Sempre que vejo um deles passando na rua, paro e observo. Eles me fascinam. Há uma grandeza nesse trabalho bruto, na humildade desses homens que andam encurvados, puxando ou empurrando seus carrinhos, usando o corpo como instrumento de força.
Outro dia, folheando um livro com fotografias de Marc Ferrez, tiradas no século dezenove, parei numa página dupla, com uma imagem captada em 1899. Era uma foto da antiga Estação D. Pedro II, com sua esplanada de paralelepípedos, cheia de gente. A legenda dizia que ali, parados diante da estação, estavam exemplos de todos os tipos de transporte da época: o landau, a vitória, o carroção, o tílburi, o bonde puxado a burro, o carrinho de mão. Observei melhor a foto. O tal carrinho de mão era um burro-sem-rabo. O mesmo pranchão de madeira sobre uma estrutura de ferro, os mesmos puxadores, as duas rodas. Olhando-o assim, ninguém diria que, de todos aqueles meios de transporte, seria o único a continuar circulando depois que o relógio dos séculos virasse duas vezes.
Foi pensando nisso que continuei ali, do outro lado da rua, olhando o burro-sem-rabo que passava na calçada. De repente, ele parou. Parou com um tranco. A roda do carrinho parecia ter esbarrado em alguma coisa. Eu, que observava à distância, percebi que era um desnível da calçada, cujo cimento fora talvez deslocado por uma raiz. Mas o homem, com a visão toldada pela enorme pilha de papel e madeira, não conseguia ver o que se passava. Tentou e tentou, deu marcha-a-ré, forçou várias vezes – e nada. Comecei a ficar aflita. O carrinho estava empacado.

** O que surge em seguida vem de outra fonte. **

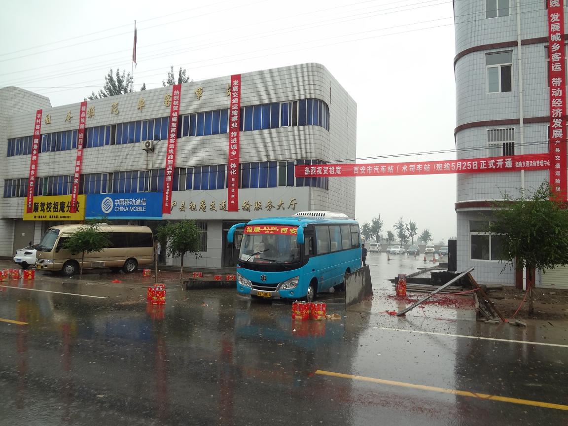 5月25日,户县祖庵镇经大王至西安市汽车站的客运班线正式开始运营。该线路由户县欣源客运服务有限责任公司负责管理,全长55公里,途经甘河、涝店、渭丰、大王四镇,共投放12辆27座东风牌客车,线路的运营采用循环发车方式,运营时间为(祖庵镇)首班车早5:30,(西安市汽车站)末班车晚19:00,每20分钟一趟,全程票价(含燃油附加费)13元。
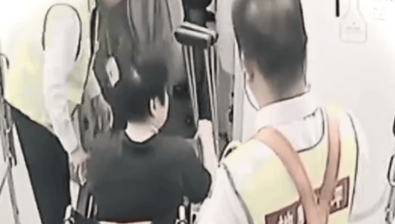 监控画面记录了郑智化登机完整过程,地勤人员将坐在轮椅上的郑智化推至机门,随后和空姐一同搀扶郑智化站立进入机舱。
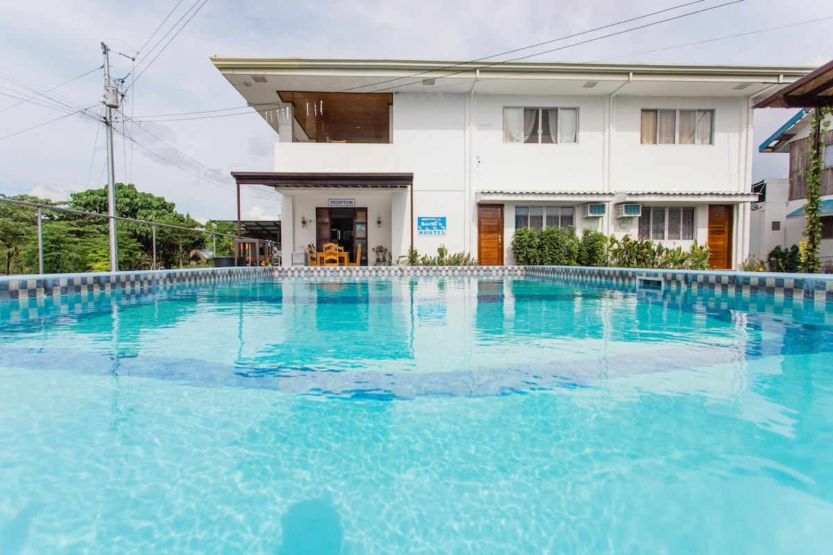 Private rooms with Private bathroom. This room is airconditioned with curtains for privacy. With 1 double bed good for 2 persons. You can also request for 2 twin beds instead. Just let us know in advance or prior to your arrival date. Inside each room, there's a cabinet, a dining table, a sink a bathroom mirror, and a water heater for the shower. You will also be provided with towels. Hot and cold water dispenser in the Reception Area. Free WIFI and pool access as well.
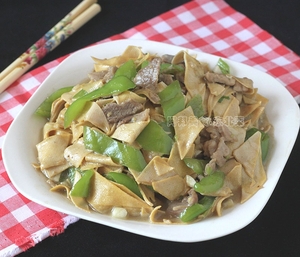 干豆腐(豆腐皮)两张,尖椒两根,猪里脊肉200克,花椒两三粒,蒜两瓣,盐少许,鸡精少许,水淀粉适量
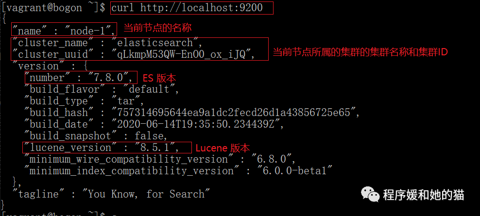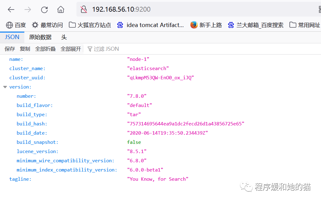 也可以这样验证 ES 是否启动成功?打开另一个客户端,访问 curl http://localhost:9200,如果能够得到当前 ES 节点的信息,就说明 ES 启动成功了,见图24。或者,使用你本地的 windows 环境的浏览器,访问 http://192.168.56.10:9200,如果能够得到当前 ES 节点的信息,就说明 ES 启动成功了,见图25。
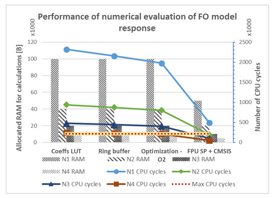 Further optimizations are a topic of the ongoing research involving adaptive memory methods, parallel implementation of numerical algorithms and calculations using fixed-point arithmetic. Finally, assembly inlines placed in critical sections of the algorithms and platform-specific enhancements are being considered. However, these approaches are strictly platform-dependent and must be adopted for each architecture individually. The results of subsequent software optimizations are presented in Figure 8. The algorithm processing past samples, compiled with a –O2 flag, satisfied the initial timing requirement, calculating the output in a time shorter than the sampling period ms.
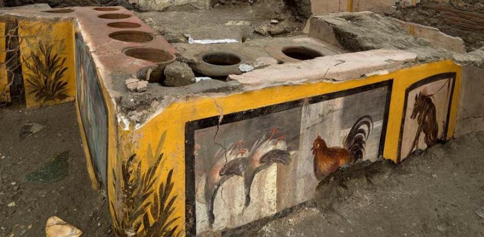 Otro descubrimiento extraordinario sucedió en el área arqueologica de Pompeya, aquella ciudad destruida en el año 79 d.c por la erupción del Vesubio y que hoy fue el origen del hallazgo de un «Termopolio», lugar donde se servía comida y bebida a los habitantes, intacto y decorado y aún con restos de alimentos.
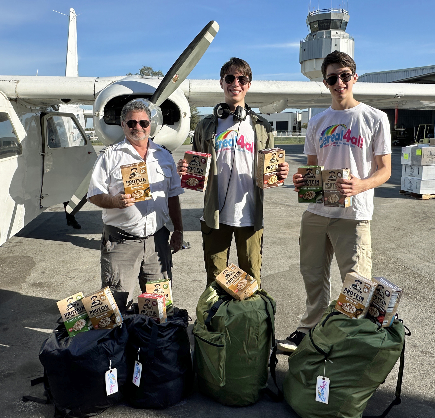 The Justin brothers delivered the cereal and charitable funds to the island thanks to a partnership they formed with the Grand Bahama government, First Watch, and NBA basketball player Buddy Hield of the Philadelphia 76ers, who was born in Freeport. Jett and Luke are student pilots, so they flew the airlift under the guidance of their instructor, Ken Morgenbesser of K & A Aviation.
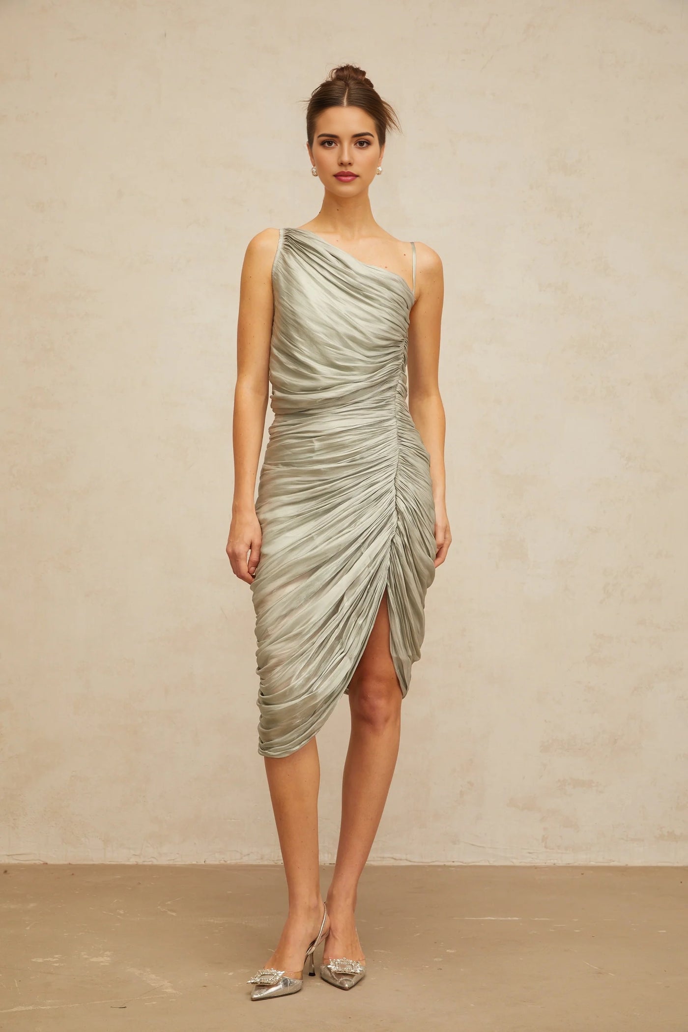 Silver Grey One - Shoulder Ruched Midi Dress with High Slit Lison glossy ruched midi dress in Grayish-green Evening Dress - US 2 / UK 6 / EU 32
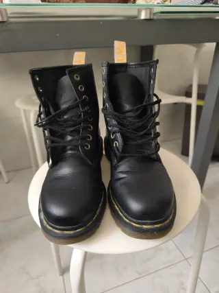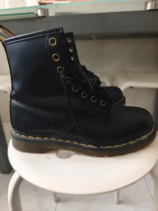 Botas estilo Dr. Martens, modelo vegano. - Casi como nuevas, muy poco usadas, las vendo porque me quedan pequeñas. - Diseño de caña alta. - Ojales metálicos dorados. - Cordones negros. - Suela con pespunte amarillo característico.
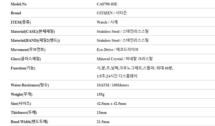 | 7-2. 시계 - 기능, 방수 등 | 상세정보참조 |
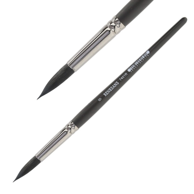 Seria 7401R to okrągłe pędzle z włosia syntetycznego, będące imitacją włosia szarej wiewiórki. Pędzle mają krótką, czarną, lakierowaną rączkę i metalową skuwkę. Przeznaczone do farb akwarelowych.
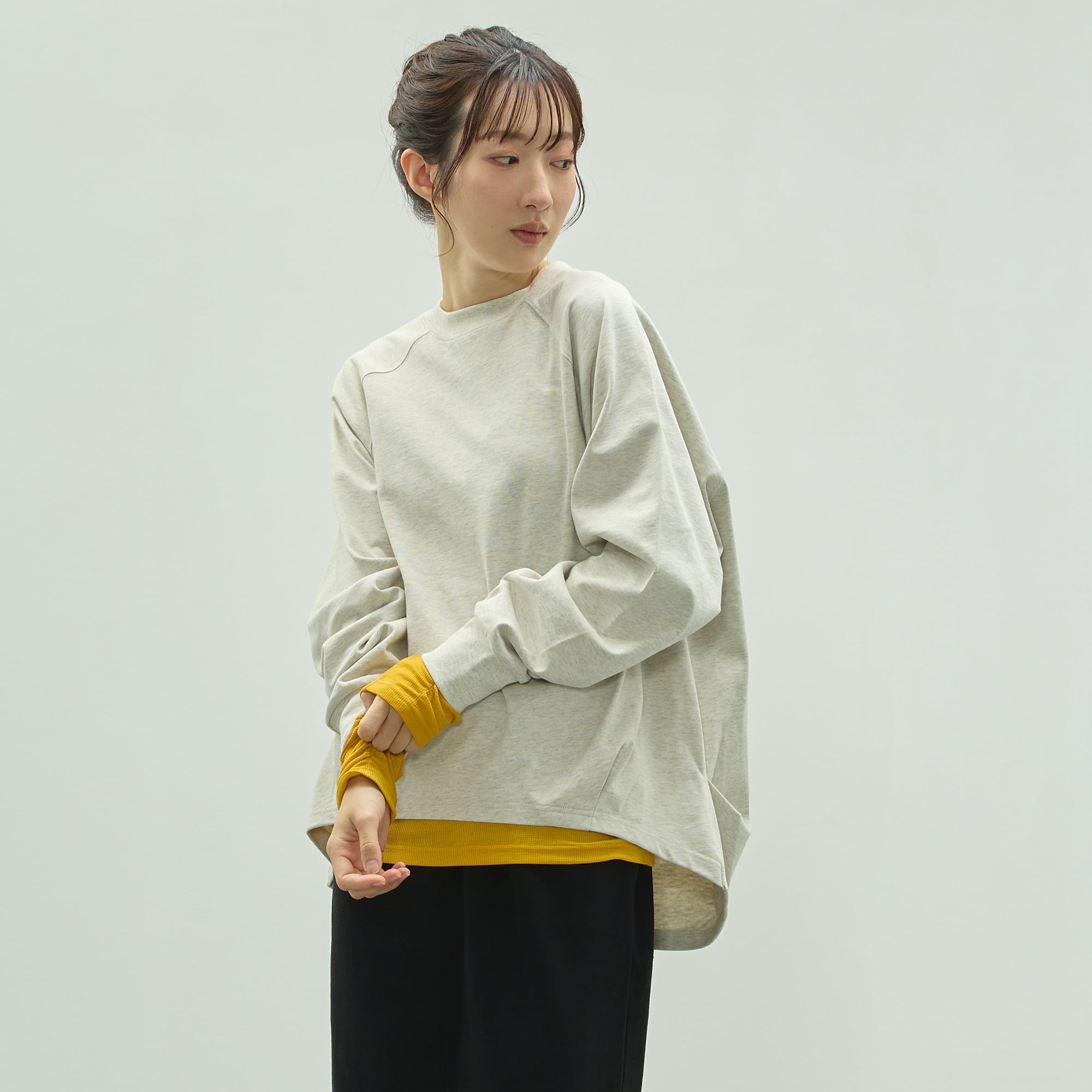 ラグランスリーブの切り替えで肩周りが華奢に見え、詰まった首元や袖口とのバランスも抜群。

Só depois de muito esforço, ele conseguiu ir em frente – para meu alívio. Mas não tinha andado nem vinte metros quando parou de novo, dessa vez num trecho onde a calçada se alargava, sob uma árvore centenária. Cheguei a pensar que as rodas do carrinho estivessem novamente presas, mas logo vi que não. O homem remexeu no bolso e dele tirou um saco plástico. No mesmo instante, foi cercado por dezenas de rolinhas.
A cena me enterneceu. Ele jogava milho para elas. Talvez o fizesse sempre que passava por ali, porque as rolinhas pareciam conhecê-lo, cercando-o, quase vindo comer em sua mão. Quando o homem se pôs novamente em marcha, elas se alvoroçaram, como se pedindo mais.
E lá se foi o burro-sem-rabo, empurrando seu carrinho imenso, os passarinhos voejando em torno. Parecia o final de um filme de Carlitos.